Prof. Michael Gielnik: Forscher an der Leuphana Universität mit Schwerpunkt Unternehmertum, insbesondere handlungsorientiertem Training zur Unterstützung unternehmerischer Prozesse und nachhaltigem unternehmerischem Verhalten. Das wichtigste Ergebnis der Diskussion unter den Experten aus Forschung, Lehre oder Praxis war, dass die Beschaffung von Startkapital zwar eine Hürde für Gründer sein kann, aber sicher nicht das größte Problem ist. Häufig sei ein Mangel an Startkapital eher eine Ausrede, um zu erklären, warum kein Unternehmen gegründet oder Start-Up Aktivitäten gestartet wurden. Viel wichtiger sei es, dass der Gründer im Gründungsprozess effizient handle, so weniger Geld verbrauche und dadurch mit weniger finanziellen Mitteln das Gleiche bewirken könne. Hauptaufgabe sei also, den Gründern beizubringen, wie sie im Gründungsprozess effizient sein können. Kontrovers wurde diskutiert, ob Gründer planen sollten oder nicht. Auf der einen Seite sollte geplant werden, um Ziele erreichen zu können. Planen habe eine motivierende Wirkung und helfe dabei, das Ziel nicht aus den Augen zu verlieren. Auf der anderen Seite müssten Gründer flexibel sein und dürften nicht zu sehr an ihrem Plan und ihrer ursprünglichen Idee festhalten, um keine Möglichkeiten zu verpassen. Wer offener durchs Leben gehe, entdecke oft auch mehr Chancen für sich und sein Unternehmen. Es müsse also eine gute Balance zwischen Planausführung und Flexibilität gefunden werden. Eine weitere Erkenntnis der Experten: Wissenschaft und Praxis benötigten im Bereich der Unternehmensgründungen einen besseren Austausch. Die Wissenschaft liefere aktuelle Erkenntnisse über Erfolgsfaktoren im Gründungsprozess.
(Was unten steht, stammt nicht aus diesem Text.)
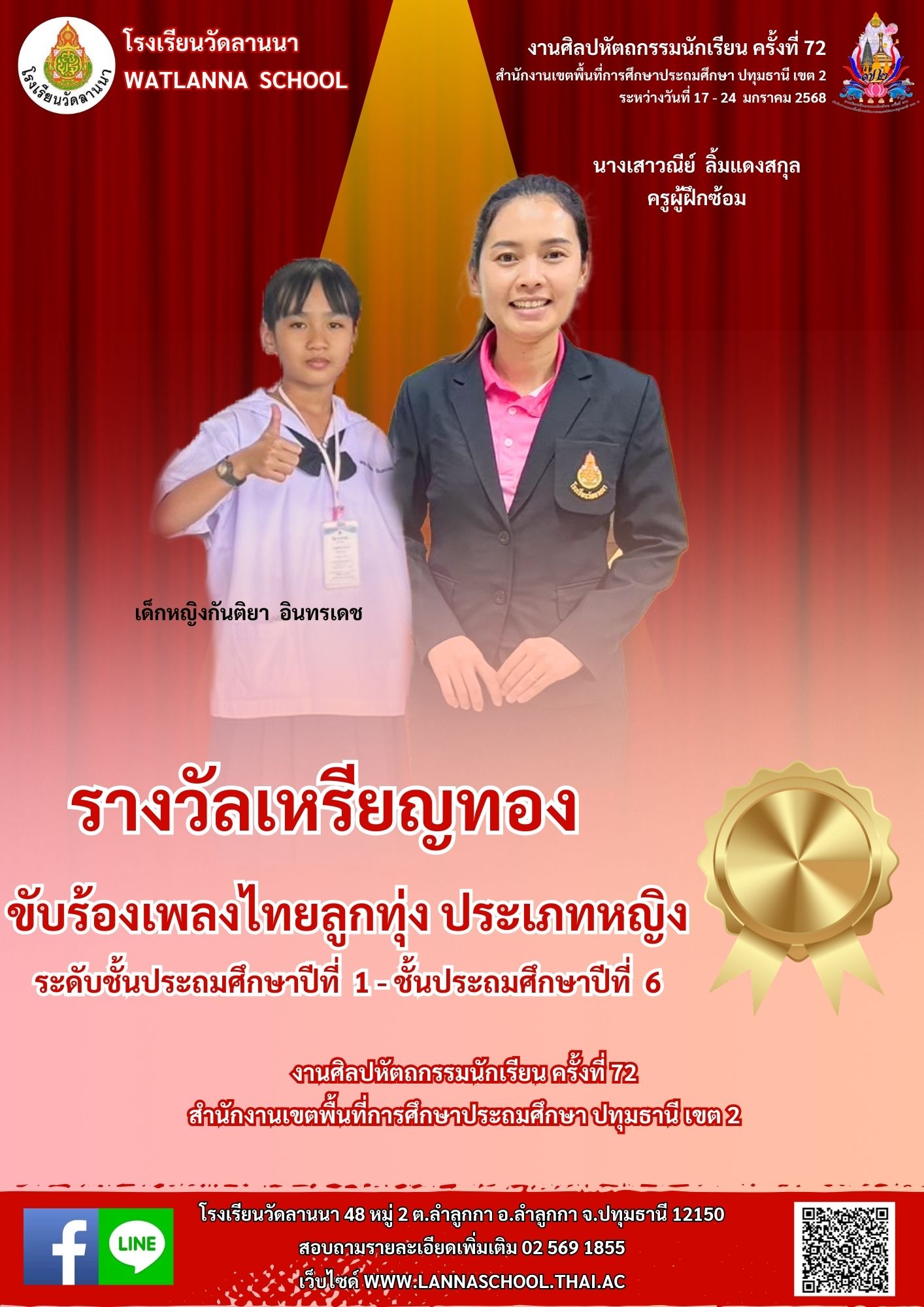 การแข่งขันขับร้องเพลงไทยลูกทุ่ง ประเภทหญิง ป.1 - ป.6 ระดับเหรียญทอง งานศิลปหัตถกรรมนักเรียน ครั้งที่ 72

Diese sollten von Beratern in praxisnahe Sprache übersetzt werden, damit sie von den Gründern auch umgesetzt werden könnten. Insbesondere lerne der Praktiker von der Wissenschaft, die eigenen Strategien, Prozesse, Produkte und Services stets zu evaluieren und dadurch kontinuierlich zu verbessern. Für einen echten Transfer sei demnach ein gegenseitiger, vorteilhafter Dialog nötig.